**Task material**
* * * * *

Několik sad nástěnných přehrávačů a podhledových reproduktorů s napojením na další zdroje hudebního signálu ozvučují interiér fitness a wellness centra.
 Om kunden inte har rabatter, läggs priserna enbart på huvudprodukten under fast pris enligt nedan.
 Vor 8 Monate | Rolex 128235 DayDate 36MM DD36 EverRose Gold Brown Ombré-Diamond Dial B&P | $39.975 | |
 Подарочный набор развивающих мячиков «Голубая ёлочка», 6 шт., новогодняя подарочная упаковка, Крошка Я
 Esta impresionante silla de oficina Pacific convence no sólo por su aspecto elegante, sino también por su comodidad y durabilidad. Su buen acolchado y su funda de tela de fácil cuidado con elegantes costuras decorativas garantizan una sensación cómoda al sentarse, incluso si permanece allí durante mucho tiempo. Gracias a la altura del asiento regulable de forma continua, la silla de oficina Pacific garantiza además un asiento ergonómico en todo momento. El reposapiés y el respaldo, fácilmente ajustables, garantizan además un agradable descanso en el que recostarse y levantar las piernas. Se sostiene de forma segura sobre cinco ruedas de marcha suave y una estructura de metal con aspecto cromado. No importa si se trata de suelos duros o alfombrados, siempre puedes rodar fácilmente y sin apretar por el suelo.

* * * * *

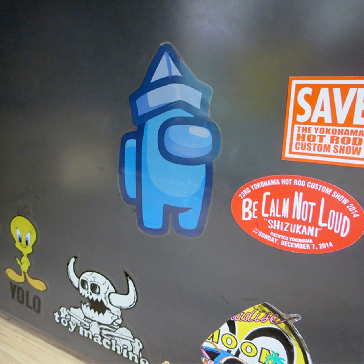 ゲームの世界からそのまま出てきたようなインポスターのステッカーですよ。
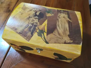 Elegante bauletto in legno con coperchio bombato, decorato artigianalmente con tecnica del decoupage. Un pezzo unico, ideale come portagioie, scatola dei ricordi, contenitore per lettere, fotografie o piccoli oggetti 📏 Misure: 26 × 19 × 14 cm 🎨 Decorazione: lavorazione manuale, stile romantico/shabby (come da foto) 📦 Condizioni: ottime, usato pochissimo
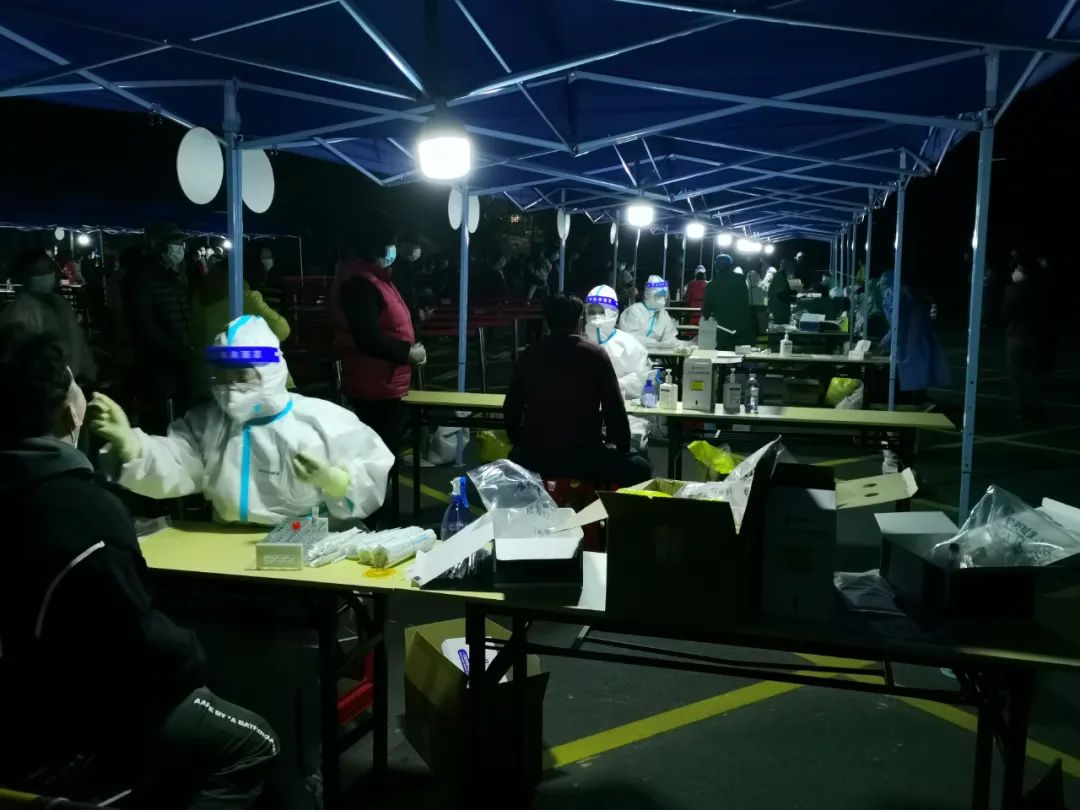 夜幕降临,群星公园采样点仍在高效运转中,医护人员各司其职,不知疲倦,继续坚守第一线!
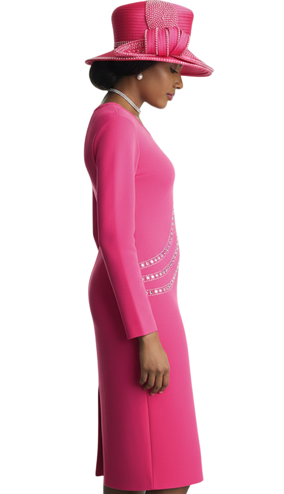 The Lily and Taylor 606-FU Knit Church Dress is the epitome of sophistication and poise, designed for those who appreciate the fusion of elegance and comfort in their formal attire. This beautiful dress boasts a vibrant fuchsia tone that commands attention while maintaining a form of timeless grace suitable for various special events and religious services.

* * * * *

**Task objective**
Copy out only the lines above from the one with "Několik sad nástěnných" to the one with "Подарочный набор развивающих", inclusive, exactly as they stand.

**Answer for the task**
Několik sad nástěnných přehrávačů a podhledových reproduktorů s napojením na další zdroje hudebního signálu ozvučují interiér fitness a wellness centra.
 Om kunden inte har rabatter, läggs priserna enbart på huvudprodukten under fast pris enligt nedan.
 Vor 8 Monate | Rolex 128235 DayDate 36MM DD36 EverRose Gold Brown Ombré-Diamond Dial B&P | $39.975 | |
 Подарочный набор развивающих мячиков «Голубая ёлочка», 6 шт., новогодняя подарочная упаковка, Крошка Я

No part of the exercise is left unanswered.